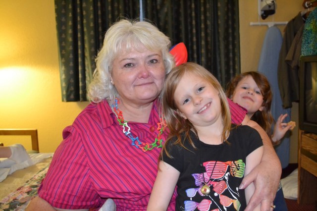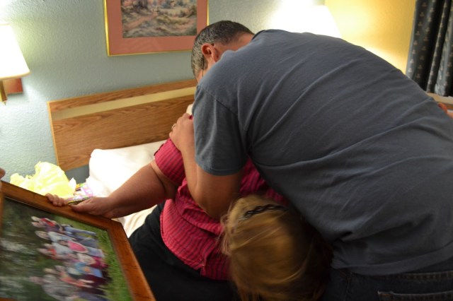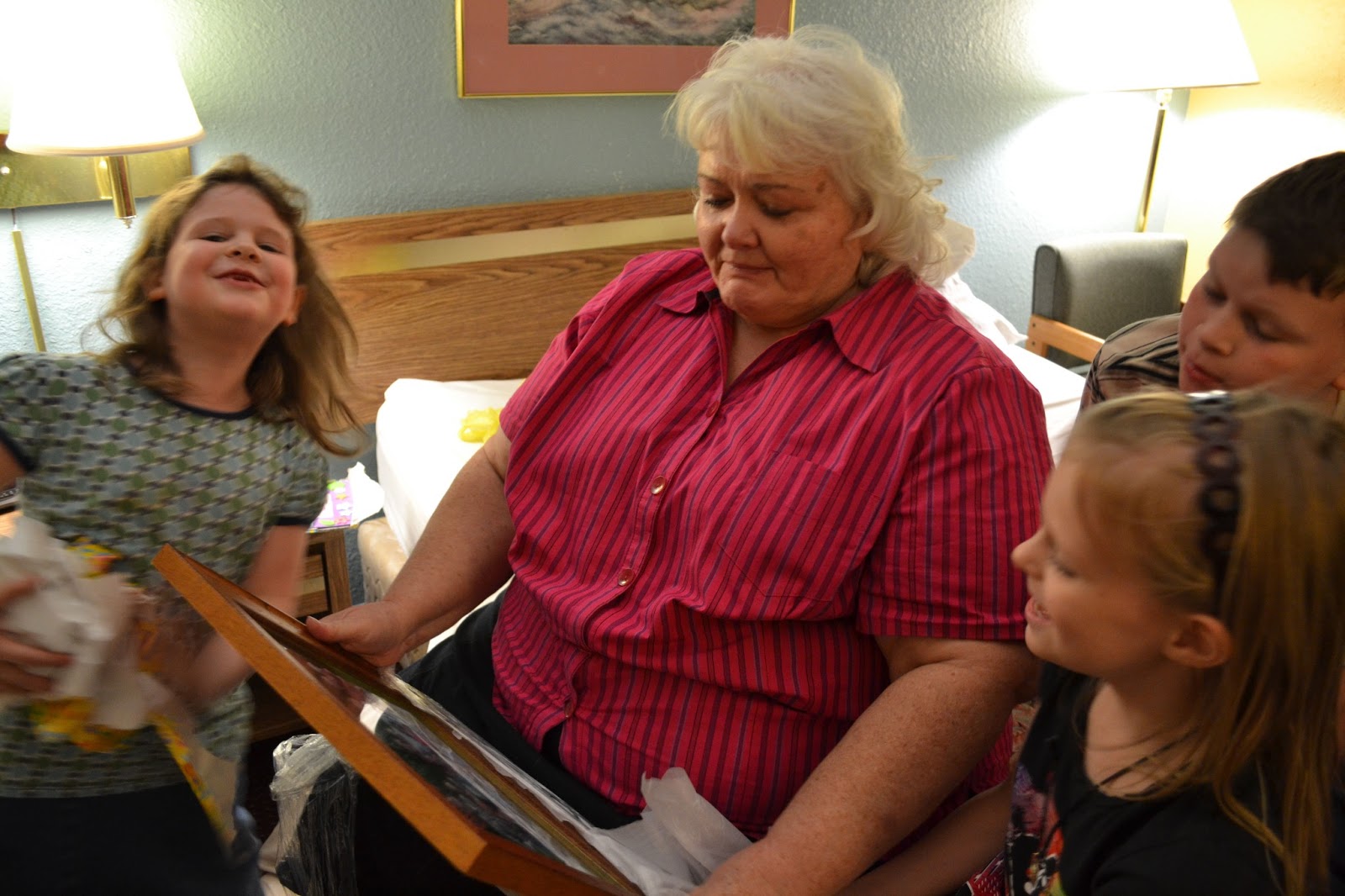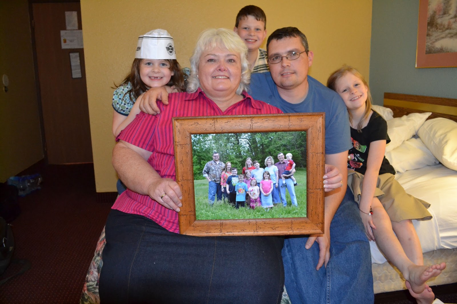 As soon as we met up with Terry’s parents at the hotel, we pulled out the birthday gift we’d hauled with us over two thousand miles. We couldn’t wait to give it to her! In May, when we visited Terry’s brother Joel and his family, we set up the tripod for my Nikon and took a photo of our families together. We had it framed at Hobby Lobby and presented it to her in Kentucky. She loved it. And we loved that she loved it. It’s a great feeling doing something special for someone you love. The Lord blessed and the photo turned out really well, considering we had 8 children to pose! 🙂
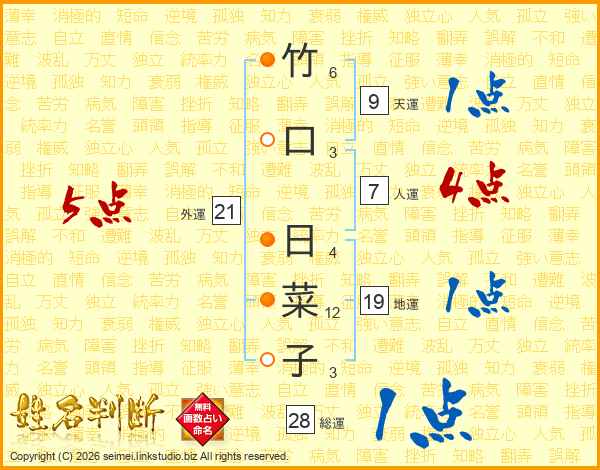 竹口日菜子さんの外運は21画の5点!
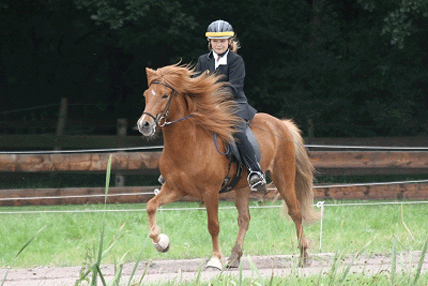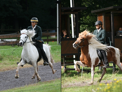 |  | Marlise Grimm auf Gáski frá Eyrarbakka (li.) und auf Friða vom Basselthof (re.). |  |
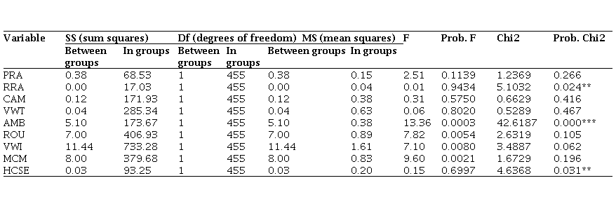 Table 3 shows that there is evidence that the sum of squares in all constructs of the model is lower among groups of users and professionals than within groups, which suggests a wide variation in responses, especially within the VWI, ROU, GCG, and AMB constructs, which affects the F statistic. These results reinforce the conclusions on the differences in perception between users and professionals about aspects related to humanization in healthcare (Falk et al., 2010).

=== TASK ===
A word-for-word retyping of the material above is expected, without pictures.

=== WORKED SOLUTION ===
 As soon as we met up with Terry’s parents at the hotel, we pulled out the birthday gift we’d hauled with us over two thousand miles. We couldn’t wait to give it to her! In May, when we visited Terry’s brother Joel and his family, we set up the tripod for my Nikon and took a photo of our families together. We had it framed at Hobby Lobby and presented it to her in Kentucky. She loved it. And we loved that she loved it. It’s a great feeling doing something special for someone you love. The Lord blessed and the photo turned out really well, considering we had 8 children to pose! 🙂
 竹口日菜子さんの外運は21画の5点!
 |  | Marlise Grimm auf Gáski frá Eyrarbakka (li.) und auf Friða vom Basselthof (re.). |  |
 Table 3 shows that there is evidence that the sum of squares in all constructs of the model is lower among groups of users and professionals than within groups, which suggests a wide variation in responses, especially within the VWI, ROU, GCG, and AMB constructs, which affects the F statistic. These results reinforce the conclusions on the differences in perception between users and professionals about aspects related to humanization in healthcare (Falk et al., 2010).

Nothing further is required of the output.